Skip to content

Training Command

This section will show how to initiate the training and what parameters are offered in the training command.

Breakdown of the Training Command

The trainer.py file accepts the following arguments when initialising the training:

  • dataset_path: (Type: String, Default: ./) This specifies the path to the dataset. More information about the format of the dataset folder is mentioned in the following sections.

  • checkpoint_path: (Type: String, Default: ./) This is used to specify the path where the checkpoints should be saved. More information about this is mentioned in the following sections.

  • epochs: (Type: Postive Integer, Default: 50) This specifies the number of epochs to train for.

  • config_path: (Type: String, Default: None) This is the path to file that contains all of the training configuration settings. Please refer to the Experiment Configurations for more information.

  • config_name: (Type: String, Default: None) This specifies the name of configuration setting to use from the file the file that contains all of the training configuration settings specified above. Please refer to the Experiment Configurations for more information.

  • subset: (Type: Positive Integer, Default: None) This specifies if there is a need to take a random subset of the dataset. This can be useful initially when building the model or debugging to remove the bugs. It will be much faster to train on a small subset of the data to detect bugs. Specify None to not create subset of the data.

  • log_name: (Type: String, Default: None) This specifies the name of the project for logging metrics to the Weights and Biases account. More information about metrics and logging are mentioned in the following sections. Specify None to not log anything to Weights and Biases.

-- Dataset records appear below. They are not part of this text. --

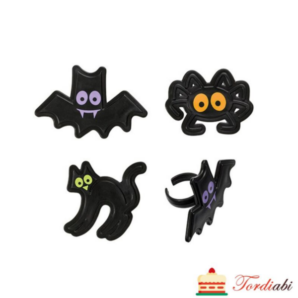 Mittesöödavad tordikaunistused (sõrmused), Halloweeni teemalised, 3 erinevat motiivi – nahkhiir, ämblik, kass – kaunistamiseks muffinitele ja tassikookidele.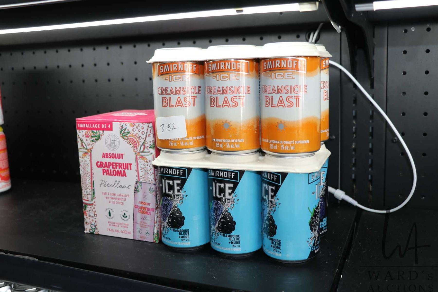 Three packs of assorted alcohol including Smirnoff Ice Creamsicle Blast 6 x 355ml / 5% ABV, Smirnoff Ice Blue Raspberry 6 x 355ml / 5% ABV, and Absolut Grapefruit Paloma 4x 355ml / 7% ABV Note: Alcohol cannot be insured by any courier in Canada. Local pick up is recommended. Canadian bidders only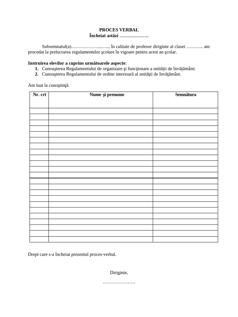 1. Cunoaşterea Regulamentului de organizare şi funcţionare a unității de învățământ;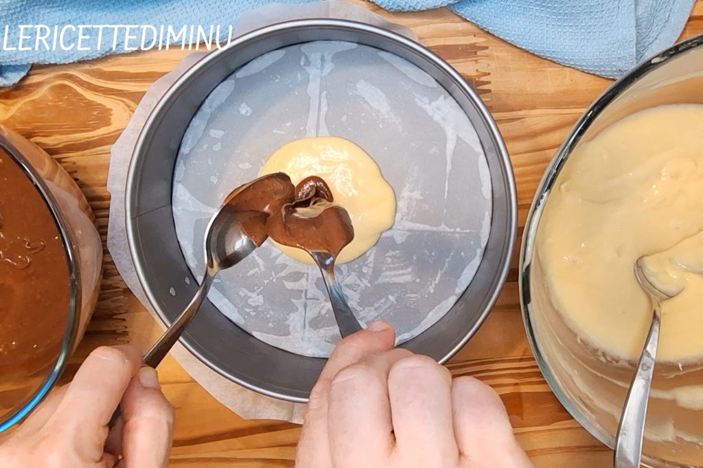 In die Mitte dieses Teigs zwei Löffel des dunklen Teigs fallen lassen und so fortfahren, die beiden Mischungen abwechselnd, bis sie aufgebraucht sind.

  • num_classes: (Type: Positive Integer, Default: 2) This specifies the number of classes in the dataset. For this particular example since there is only one object to be detected this parameter should be specified as 2. Note that 2 classes are specified instead of 1 because that is the PyTorch convention. One class represents the background and one class represents the object to detect i.e. Table.

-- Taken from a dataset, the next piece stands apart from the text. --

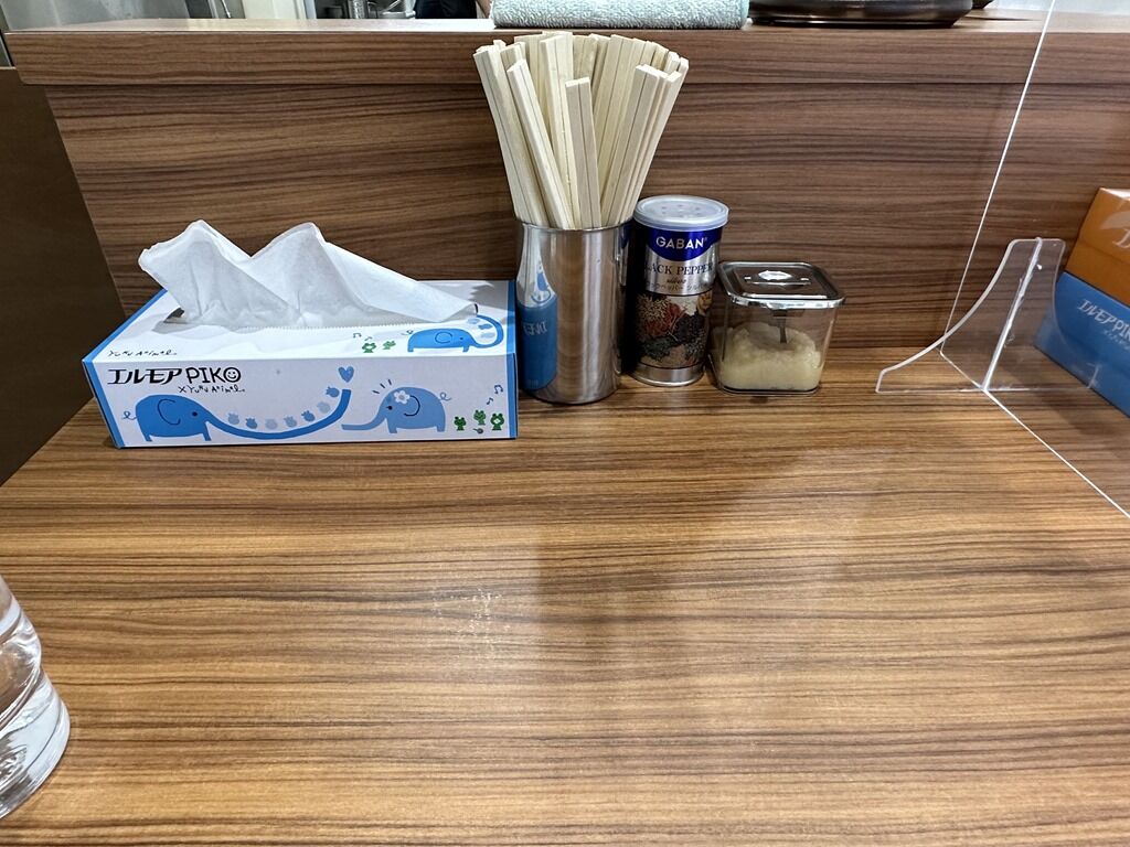 BGMはポップス。箸は割り箸。卓上調味料はGABANブラックペッパー、おろしにんにく。

Example of the Training Command

An example of training command is as follows. It trains the RetinaNet model for 50 epochs, with only 10 images randomly selected from the dataset, 8 of which will be used as the training images and 2 as evaluation images. It also provides the path for the dataset and the path to save the checkpoint.

python network/trainers.py --dataset_path "datasets/original/" --epochs 50 --checkpoint_path "checkpoint/" --config_path "experiment-configs.yml" --config_name "vanilla_fasterrcnn_v2_1" --log_name "test-test"